### DATASET EXCERPT
-=-=-=-=-
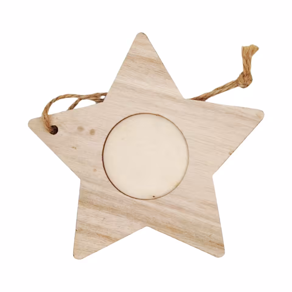 Ajoutez une touche personnelle et unique à votre sapin de Noël avec cette décoration en bois en forme d’étoile, dotée d’un emplacement central pour une photo. Grâce à la technique de sublimation, vous pouvez insérer une photo ou une image personnalisée, ce qui en fait un souvenir spécial pour les fêtes. Suspendue avec une ficelle en jute, cette étoile est à la fois rustique et élégante, parfaite pour ajouter une touche de chaleur à votre décoration.
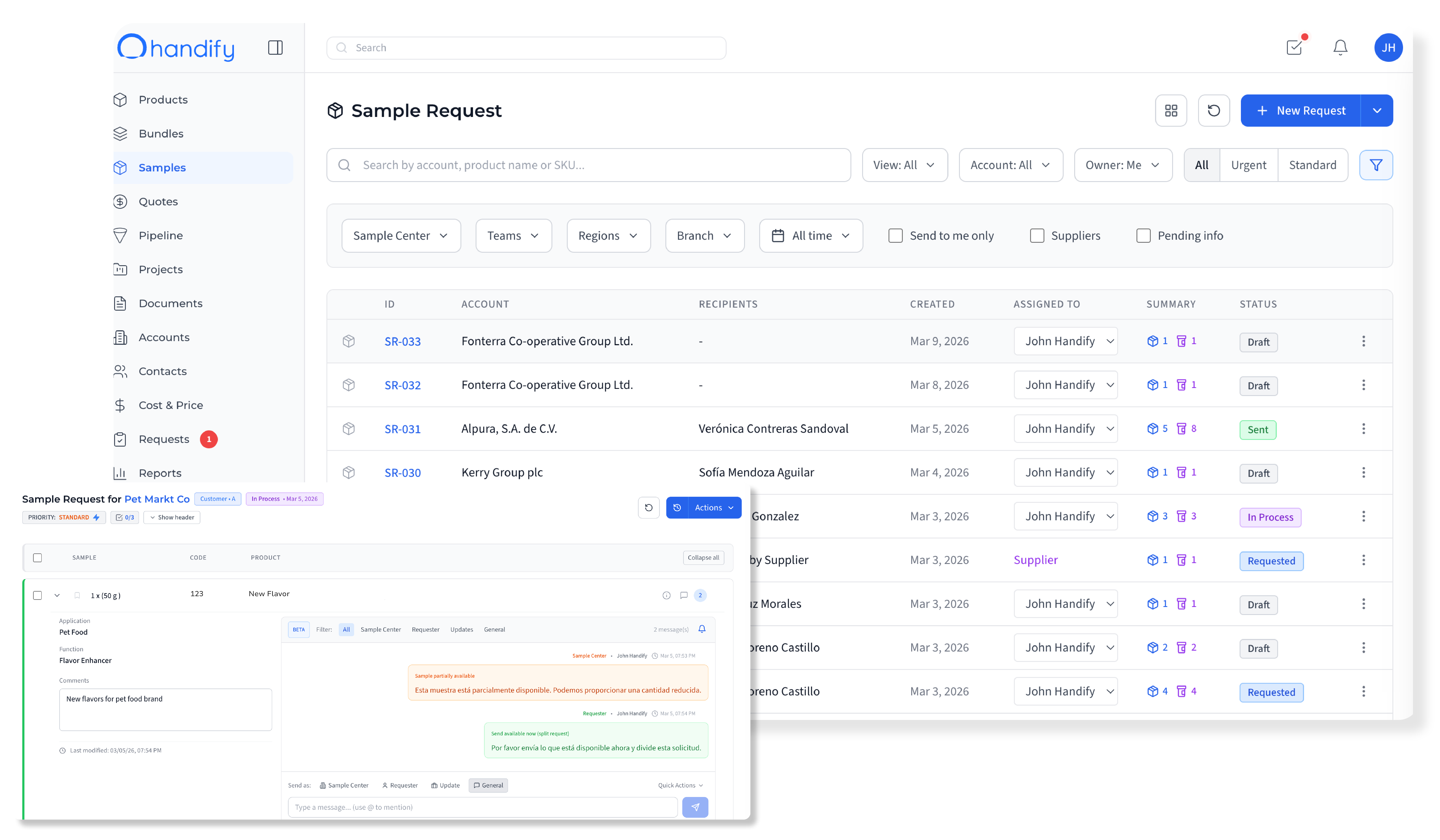 Most food ingredient companies track samples through spreadsheets, shared folders, and email — losing visibility the moment a sample leaves the building. handify provides end-to-end sample management built for food ingredient workflows: requests link to accounts and pipeline opportunities, products carry allergen and certification data that flows into sample documentation, and evaluation feedback connects back to the opportunity. Managers see all active samples across all sample centers in real time, and the system generates dispatch documentation automatically.
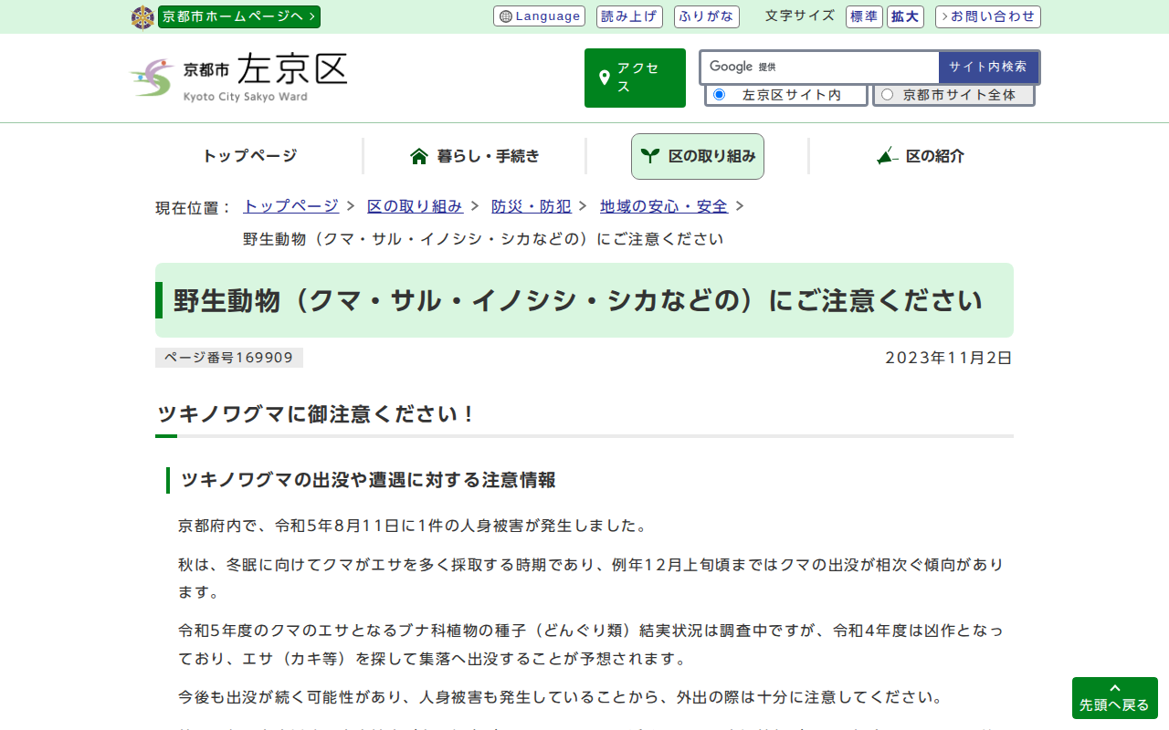 京都市左京区役所:野生動物(クマ・サル・イノシシ・シカなどの)にご注意ください - 保存されたスクリーンショット
-=-=-=-=-
### TASK BRIEF
Using the listing above, copy exactly the lines from the one that contains "Most food ingredient" through its last line, both included, but not the pictures.

### RESPONSE TO THIS TASK
 Most food ingredient companies track samples through spreadsheets, shared folders, and email — losing visibility the moment a sample leaves the building. handify provides end-to-end sample management built for food ingredient workflows: requests link to accounts and pipeline opportunities, products carry allergen and certification data that flows into sample documentation, and evaluation feedback connects back to the opportunity. Managers see all active samples across all sample centers in real time, and the system generates dispatch documentation automatically.
 京都市左京区役所:野生動物(クマ・サル・イノシシ・シカなどの)にご注意ください - 保存されたスクリーンショット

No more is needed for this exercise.